▶ **EXERCISE DETAILS**: Your task is to copy the lines of the data below from the line holding "В проекте предусмотрены" through the line holding "休业式首先对在本学期各级各类", inclusive, exactly and with nothing added.

━━━━━ MATERIAL SHOWN

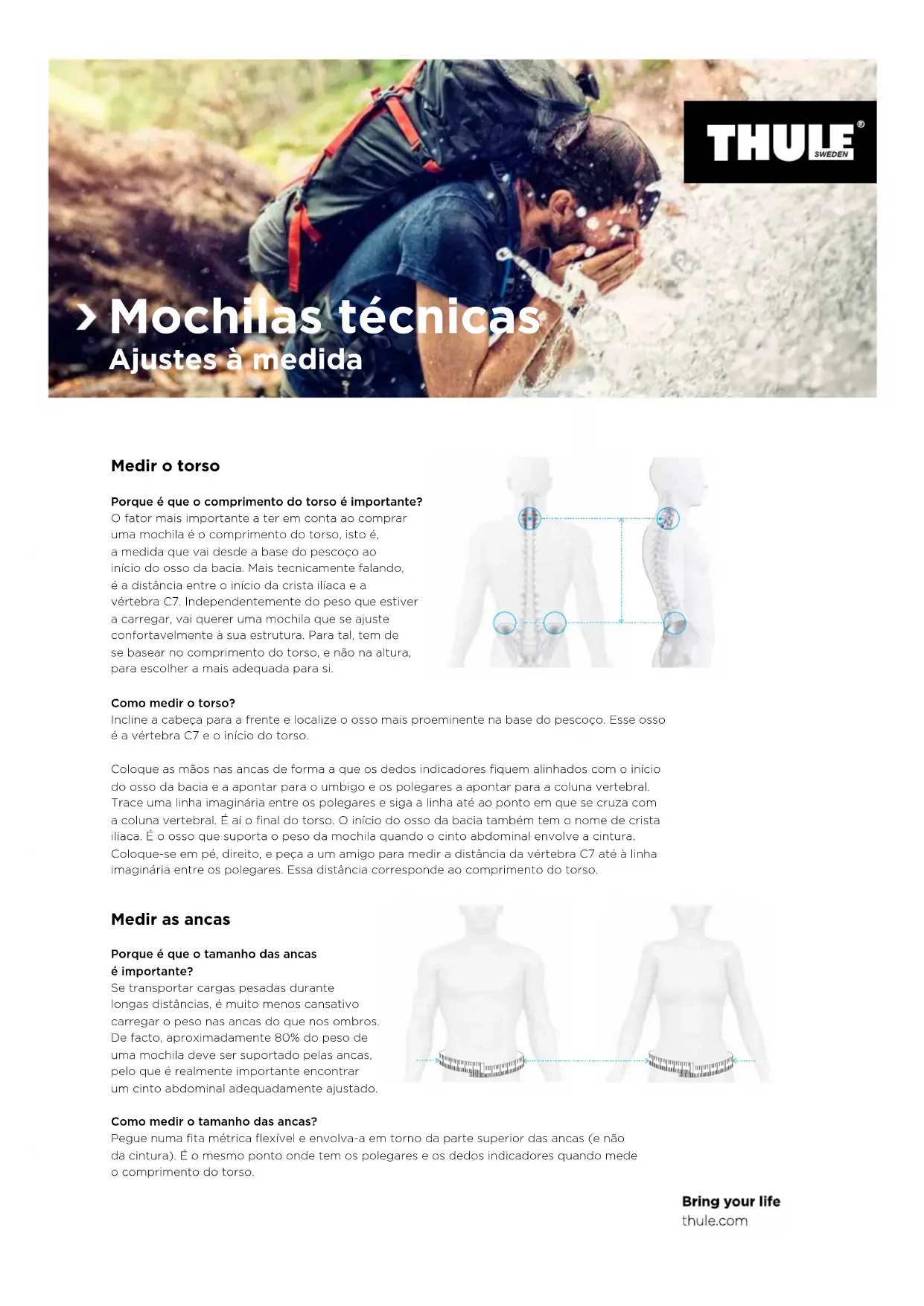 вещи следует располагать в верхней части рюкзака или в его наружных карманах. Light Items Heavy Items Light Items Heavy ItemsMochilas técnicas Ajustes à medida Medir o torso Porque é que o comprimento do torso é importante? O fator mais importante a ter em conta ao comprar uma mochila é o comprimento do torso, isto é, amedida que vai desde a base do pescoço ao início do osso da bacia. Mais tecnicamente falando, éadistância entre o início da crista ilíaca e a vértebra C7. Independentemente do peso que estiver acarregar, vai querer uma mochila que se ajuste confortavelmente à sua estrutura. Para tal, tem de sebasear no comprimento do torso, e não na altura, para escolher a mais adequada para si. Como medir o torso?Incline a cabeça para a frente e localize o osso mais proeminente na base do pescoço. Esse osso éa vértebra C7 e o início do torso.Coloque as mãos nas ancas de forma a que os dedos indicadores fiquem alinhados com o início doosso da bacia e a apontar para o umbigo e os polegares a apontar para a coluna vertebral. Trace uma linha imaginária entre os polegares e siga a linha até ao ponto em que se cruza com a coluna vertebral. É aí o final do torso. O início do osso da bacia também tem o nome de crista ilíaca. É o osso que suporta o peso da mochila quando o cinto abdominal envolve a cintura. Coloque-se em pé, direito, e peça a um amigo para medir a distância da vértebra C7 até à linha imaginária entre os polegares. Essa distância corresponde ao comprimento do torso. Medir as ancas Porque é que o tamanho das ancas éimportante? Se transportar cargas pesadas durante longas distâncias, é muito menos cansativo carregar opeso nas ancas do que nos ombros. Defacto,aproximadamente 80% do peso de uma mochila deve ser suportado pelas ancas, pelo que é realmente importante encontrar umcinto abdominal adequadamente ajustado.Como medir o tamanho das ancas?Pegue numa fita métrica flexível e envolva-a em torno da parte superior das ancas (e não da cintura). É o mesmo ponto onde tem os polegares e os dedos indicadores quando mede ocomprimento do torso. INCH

━━━━━━━━━━
━━━━━ MATERIAL SHOWN

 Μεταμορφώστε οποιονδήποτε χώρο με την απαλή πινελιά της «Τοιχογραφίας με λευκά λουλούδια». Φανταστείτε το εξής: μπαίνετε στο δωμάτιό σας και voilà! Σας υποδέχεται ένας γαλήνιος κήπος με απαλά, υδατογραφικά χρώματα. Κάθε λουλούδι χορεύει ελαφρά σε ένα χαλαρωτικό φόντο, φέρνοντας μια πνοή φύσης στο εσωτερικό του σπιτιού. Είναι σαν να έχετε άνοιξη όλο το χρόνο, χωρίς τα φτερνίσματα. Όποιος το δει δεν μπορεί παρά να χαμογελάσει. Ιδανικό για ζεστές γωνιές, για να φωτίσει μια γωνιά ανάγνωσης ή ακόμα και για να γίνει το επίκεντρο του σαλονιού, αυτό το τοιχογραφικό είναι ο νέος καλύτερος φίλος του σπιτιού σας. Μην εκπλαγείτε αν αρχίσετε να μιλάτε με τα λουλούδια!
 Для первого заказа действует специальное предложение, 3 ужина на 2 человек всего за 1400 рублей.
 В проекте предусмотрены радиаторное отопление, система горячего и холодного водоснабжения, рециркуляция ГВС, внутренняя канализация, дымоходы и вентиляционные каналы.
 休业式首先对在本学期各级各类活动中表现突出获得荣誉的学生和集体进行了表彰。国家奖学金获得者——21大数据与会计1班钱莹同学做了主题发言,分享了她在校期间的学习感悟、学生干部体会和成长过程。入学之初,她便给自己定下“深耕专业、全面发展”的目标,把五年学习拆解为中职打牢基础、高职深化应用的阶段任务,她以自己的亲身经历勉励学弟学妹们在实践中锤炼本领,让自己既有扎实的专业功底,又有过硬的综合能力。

━━━━━━━━━━
━━━━━ MATERIAL SHOWN

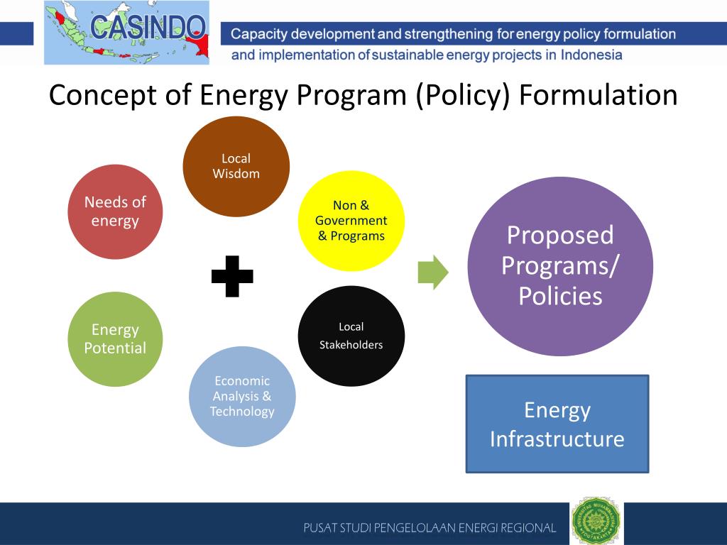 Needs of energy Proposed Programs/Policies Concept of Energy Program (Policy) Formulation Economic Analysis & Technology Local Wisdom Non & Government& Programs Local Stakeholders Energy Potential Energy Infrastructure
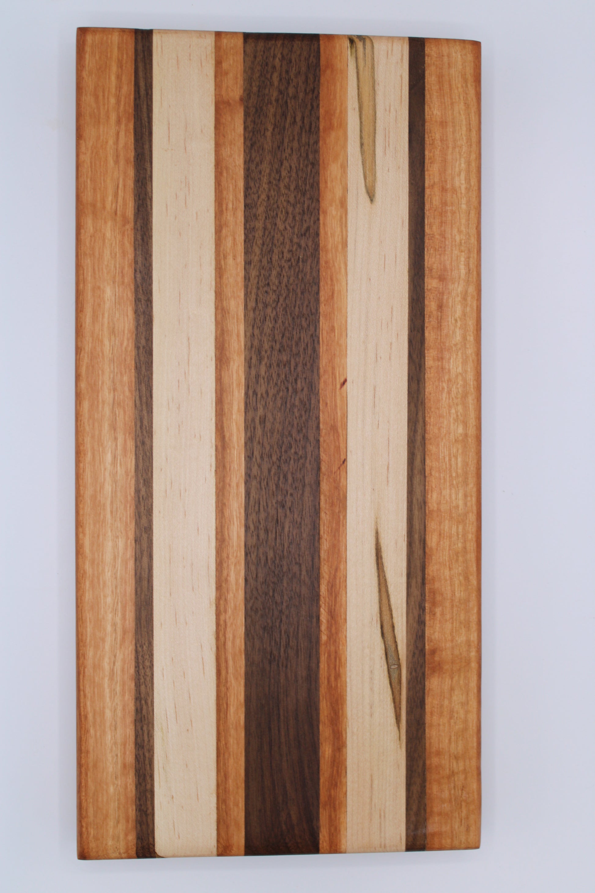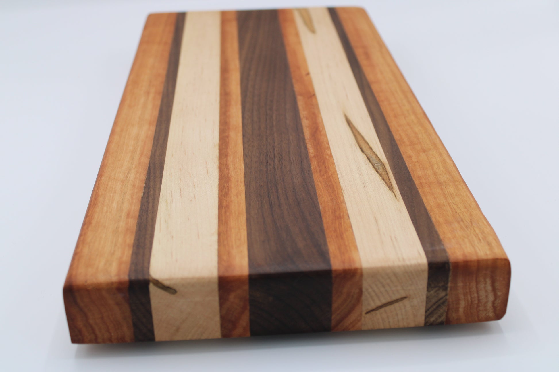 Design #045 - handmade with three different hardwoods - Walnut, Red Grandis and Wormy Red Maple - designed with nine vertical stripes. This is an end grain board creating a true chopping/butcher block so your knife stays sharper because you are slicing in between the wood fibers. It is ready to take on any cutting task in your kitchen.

━━━━━━━━━━

▶ **WRITTEN SOLUTION**:
 В проекте предусмотрены радиаторное отопление, система горячего и холодного водоснабжения, рециркуляция ГВС, внутренняя канализация, дымоходы и вентиляционные каналы.
 休业式首先对在本学期各级各类活动中表现突出获得荣誉的学生和集体进行了表彰。国家奖学金获得者——21大数据与会计1班钱莹同学做了主题发言,分享了她在校期间的学习感悟、学生干部体会和成长过程。入学之初,她便给自己定下“深耕专业、全面发展”的目标,把五年学习拆解为中职打牢基础、高职深化应用的阶段任务,她以自己的亲身经历勉励学弟学妹们在实践中锤炼本领,让自己既有扎实的专业功底,又有过硬的综合能力。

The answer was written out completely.